§ INPUT FOR THIS TASK:
☆ ☆ ☆ ☆
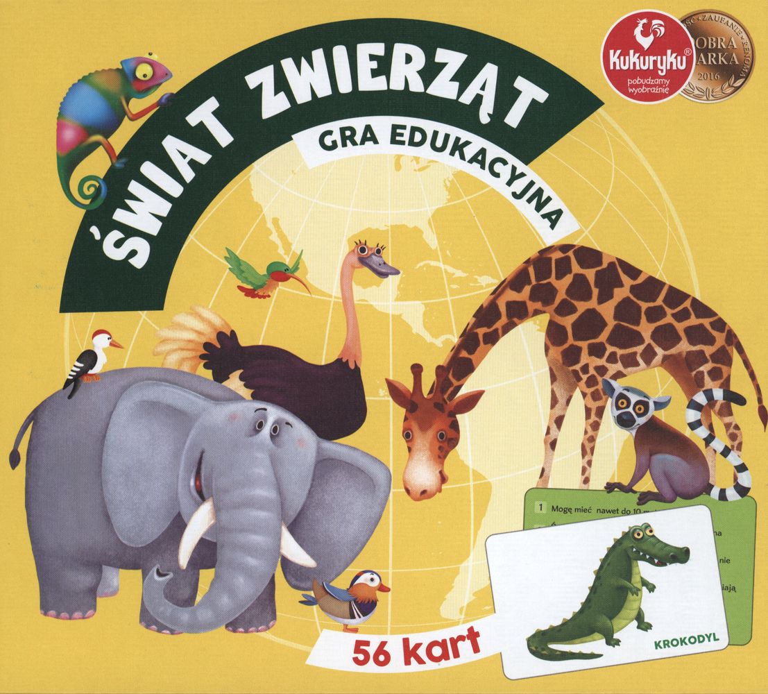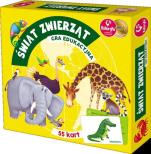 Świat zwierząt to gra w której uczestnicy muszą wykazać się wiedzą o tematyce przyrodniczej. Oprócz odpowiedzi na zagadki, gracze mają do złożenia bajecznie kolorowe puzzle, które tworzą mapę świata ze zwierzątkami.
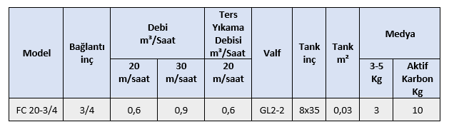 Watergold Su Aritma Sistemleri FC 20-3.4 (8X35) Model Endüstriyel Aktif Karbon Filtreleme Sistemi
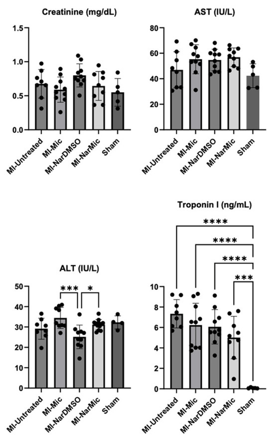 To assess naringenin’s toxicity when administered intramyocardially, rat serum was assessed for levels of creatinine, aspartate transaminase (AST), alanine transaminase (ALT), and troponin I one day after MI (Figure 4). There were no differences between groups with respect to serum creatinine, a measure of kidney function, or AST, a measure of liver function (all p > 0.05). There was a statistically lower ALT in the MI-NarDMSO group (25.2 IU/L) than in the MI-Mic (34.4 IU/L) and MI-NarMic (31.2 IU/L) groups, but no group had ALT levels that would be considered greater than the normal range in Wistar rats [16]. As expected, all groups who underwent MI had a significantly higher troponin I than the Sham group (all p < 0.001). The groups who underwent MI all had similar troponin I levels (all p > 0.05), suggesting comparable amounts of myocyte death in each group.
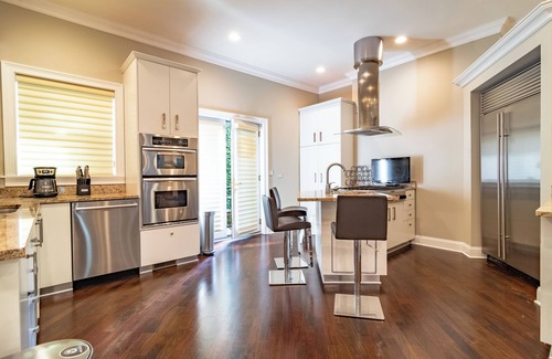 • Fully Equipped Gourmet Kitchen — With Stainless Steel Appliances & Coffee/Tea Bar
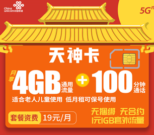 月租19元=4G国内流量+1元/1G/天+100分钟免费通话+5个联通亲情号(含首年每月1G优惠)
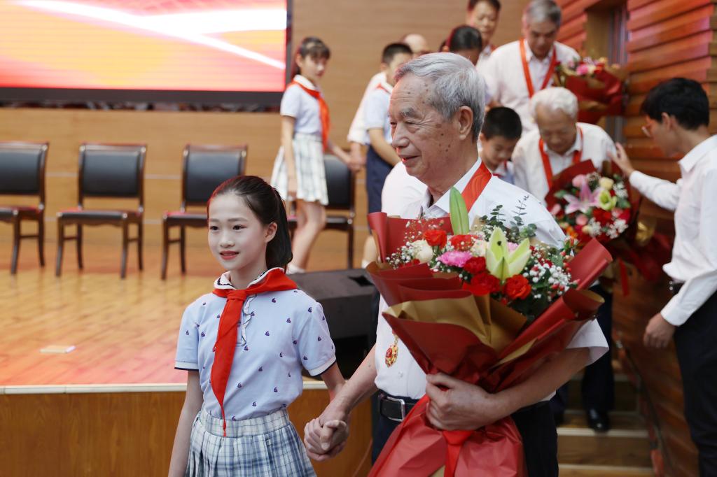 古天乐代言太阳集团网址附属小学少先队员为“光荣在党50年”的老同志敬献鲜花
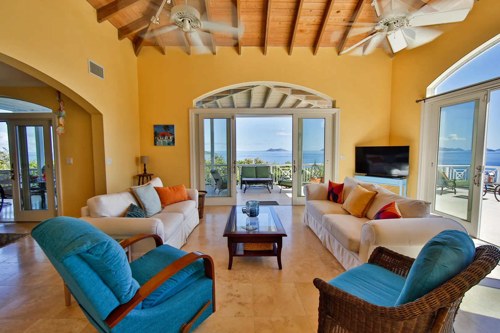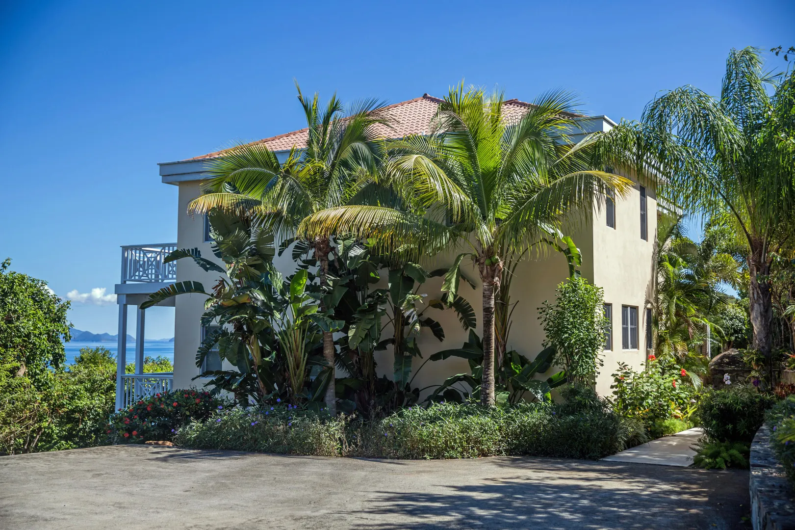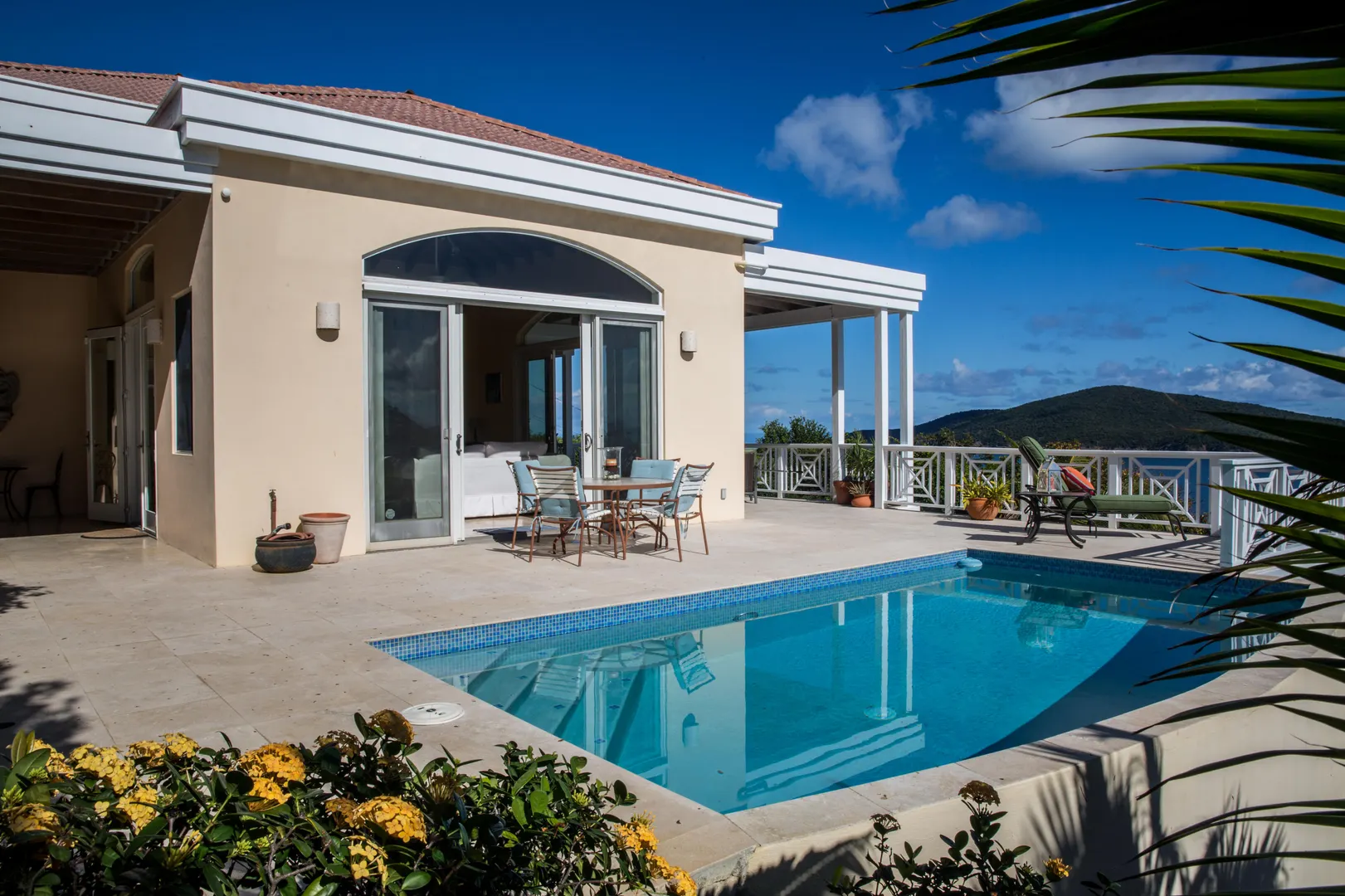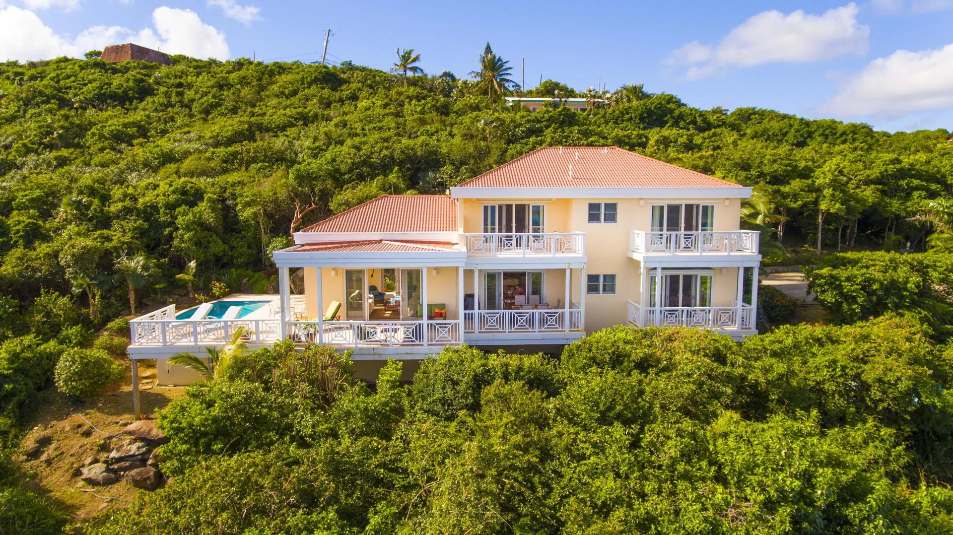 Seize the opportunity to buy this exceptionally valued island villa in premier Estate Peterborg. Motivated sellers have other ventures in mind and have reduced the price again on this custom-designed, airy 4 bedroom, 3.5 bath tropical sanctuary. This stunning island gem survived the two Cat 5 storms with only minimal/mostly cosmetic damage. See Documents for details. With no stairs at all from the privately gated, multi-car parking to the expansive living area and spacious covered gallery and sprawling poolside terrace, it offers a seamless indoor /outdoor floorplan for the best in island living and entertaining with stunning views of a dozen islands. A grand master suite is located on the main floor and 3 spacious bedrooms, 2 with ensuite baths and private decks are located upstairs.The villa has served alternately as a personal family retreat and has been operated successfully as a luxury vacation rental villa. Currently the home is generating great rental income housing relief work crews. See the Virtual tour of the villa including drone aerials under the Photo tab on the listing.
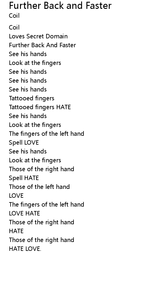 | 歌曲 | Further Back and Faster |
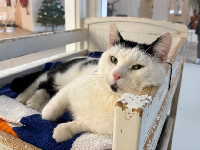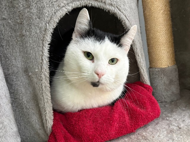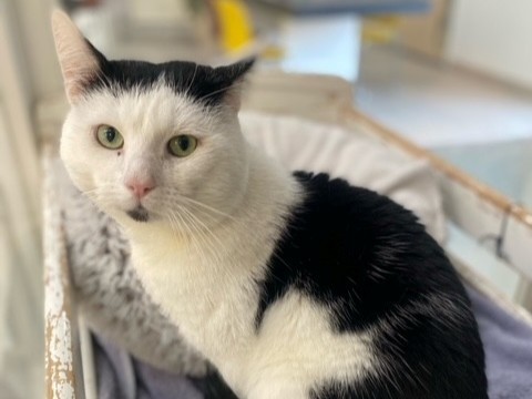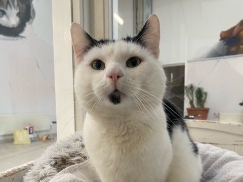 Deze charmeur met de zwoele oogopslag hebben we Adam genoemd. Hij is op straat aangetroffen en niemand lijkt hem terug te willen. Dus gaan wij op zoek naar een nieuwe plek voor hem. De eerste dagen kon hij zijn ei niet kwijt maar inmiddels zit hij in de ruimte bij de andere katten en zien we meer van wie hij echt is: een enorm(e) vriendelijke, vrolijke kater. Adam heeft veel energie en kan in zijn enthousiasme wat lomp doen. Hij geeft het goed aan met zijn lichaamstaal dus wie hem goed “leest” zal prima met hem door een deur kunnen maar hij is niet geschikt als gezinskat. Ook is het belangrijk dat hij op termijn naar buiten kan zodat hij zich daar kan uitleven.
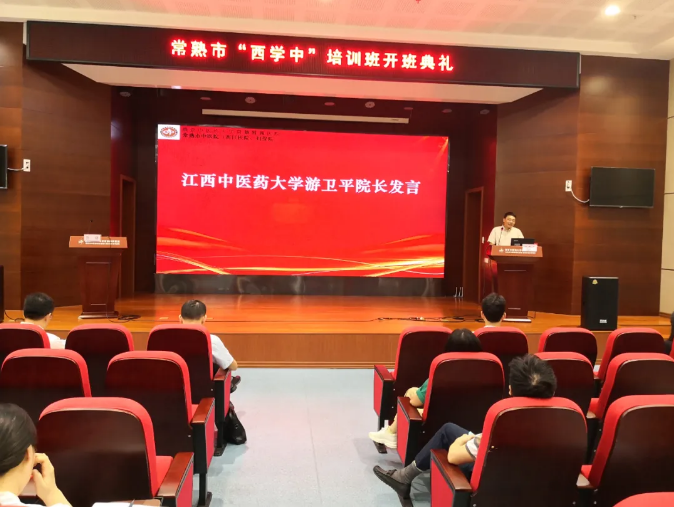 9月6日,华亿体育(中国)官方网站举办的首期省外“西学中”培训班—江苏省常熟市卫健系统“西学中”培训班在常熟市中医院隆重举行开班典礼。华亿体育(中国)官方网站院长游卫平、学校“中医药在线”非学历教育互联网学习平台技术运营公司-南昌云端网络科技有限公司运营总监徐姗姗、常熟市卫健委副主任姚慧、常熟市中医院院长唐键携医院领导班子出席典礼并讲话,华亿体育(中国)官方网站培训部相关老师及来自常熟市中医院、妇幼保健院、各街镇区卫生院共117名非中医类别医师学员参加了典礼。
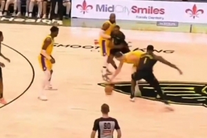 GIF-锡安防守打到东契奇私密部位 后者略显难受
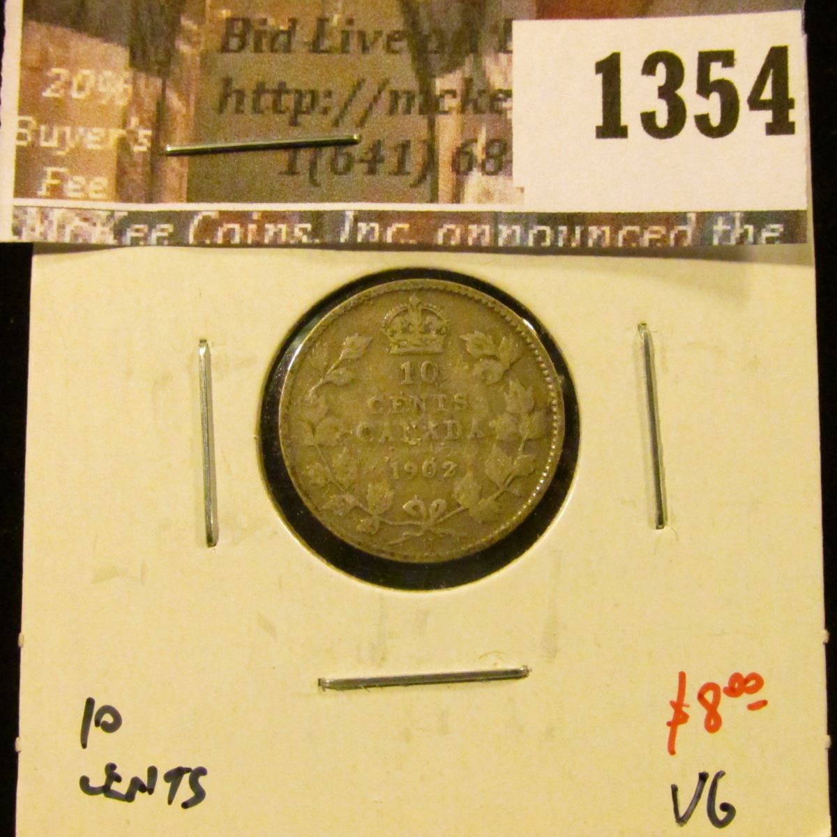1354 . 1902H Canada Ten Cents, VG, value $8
☆ ☆ ☆ ☆
Wherever an image appears, omit it, and retype everything else in the entries exactly.

 Świat zwierząt to gra w której uczestnicy muszą wykazać się wiedzą o tematyce przyrodniczej. Oprócz odpowiedzi na zagadki, gracze mają do złożenia bajecznie kolorowe puzzle, które tworzą mapę świata ze zwierzątkami.
 Watergold Su Aritma Sistemleri FC 20-3.4 (8X35) Model Endüstriyel Aktif Karbon Filtreleme Sistemi
 To assess naringenin’s toxicity when administered intramyocardially, rat serum was assessed for levels of creatinine, aspartate transaminase (AST), alanine transaminase (ALT), and troponin I one day after MI (Figure 4). There were no differences between groups with respect to serum creatinine, a measure of kidney function, or AST, a measure of liver function (all p > 0.05). There was a statistically lower ALT in the MI-NarDMSO group (25.2 IU/L) than in the MI-Mic (34.4 IU/L) and MI-NarMic (31.2 IU/L) groups, but no group had ALT levels that would be considered greater than the normal range in Wistar rats [16]. As expected, all groups who underwent MI had a significantly higher troponin I than the Sham group (all p < 0.001). The groups who underwent MI all had similar troponin I levels (all p > 0.05), suggesting comparable amounts of myocyte death in each group.
 • Fully Equipped Gourmet Kitchen — With Stainless Steel Appliances & Coffee/Tea Bar
 月租19元=4G国内流量+1元/1G/天+100分钟免费通话+5个联通亲情号(含首年每月1G优惠)
 古天乐代言太阳集团网址附属小学少先队员为“光荣在党50年”的老同志敬献鲜花
 Seize the opportunity to buy this exceptionally valued island villa in premier Estate Peterborg. Motivated sellers have other ventures in mind and have reduced the price again on this custom-designed, airy 4 bedroom, 3.5 bath tropical sanctuary. This stunning island gem survived the two Cat 5 storms with only minimal/mostly cosmetic damage. See Documents for details. With no stairs at all from the privately gated, multi-car parking to the expansive living area and spacious covered gallery and sprawling poolside terrace, it offers a seamless indoor /outdoor floorplan for the best in island living and entertaining with stunning views of a dozen islands. A grand master suite is located on the main floor and 3 spacious bedrooms, 2 with ensuite baths and private decks are located upstairs.The villa has served alternately as a personal family retreat and has been operated successfully as a luxury vacation rental villa. Currently the home is generating great rental income housing relief work crews. See the Virtual tour of the villa including drone aerials under the Photo tab on the listing.
 | 歌曲 | Further Back and Faster |
 Deze charmeur met de zwoele oogopslag hebben we Adam genoemd. Hij is op straat aangetroffen en niemand lijkt hem terug te willen. Dus gaan wij op zoek naar een nieuwe plek voor hem. De eerste dagen kon hij zijn ei niet kwijt maar inmiddels zit hij in de ruimte bij de andere katten en zien we meer van wie hij echt is: een enorm(e) vriendelijke, vrolijke kater. Adam heeft veel energie en kan in zijn enthousiasme wat lomp doen. Hij geeft het goed aan met zijn lichaamstaal dus wie hem goed “leest” zal prima met hem door een deur kunnen maar hij is niet geschikt als gezinskat. Ook is het belangrijk dat hij op termijn naar buiten kan zodat hij zich daar kan uitleven.
 9月6日,华亿体育(中国)官方网站举办的首期省外“西学中”培训班—江苏省常熟市卫健系统“西学中”培训班在常熟市中医院隆重举行开班典礼。华亿体育(中国)官方网站院长游卫平、学校“中医药在线”非学历教育互联网学习平台技术运营公司-南昌云端网络科技有限公司运营总监徐姗姗、常熟市卫健委副主任姚慧、常熟市中医院院长唐键携医院领导班子出席典礼并讲话,华亿体育(中国)官方网站培训部相关老师及来自常熟市中医院、妇幼保健院、各街镇区卫生院共117名非中医类别医师学员参加了典礼。
 GIF-锡安防守打到东契奇私密部位 后者略显难受
1354 . 1902H Canada Ten Cents, VG, value $8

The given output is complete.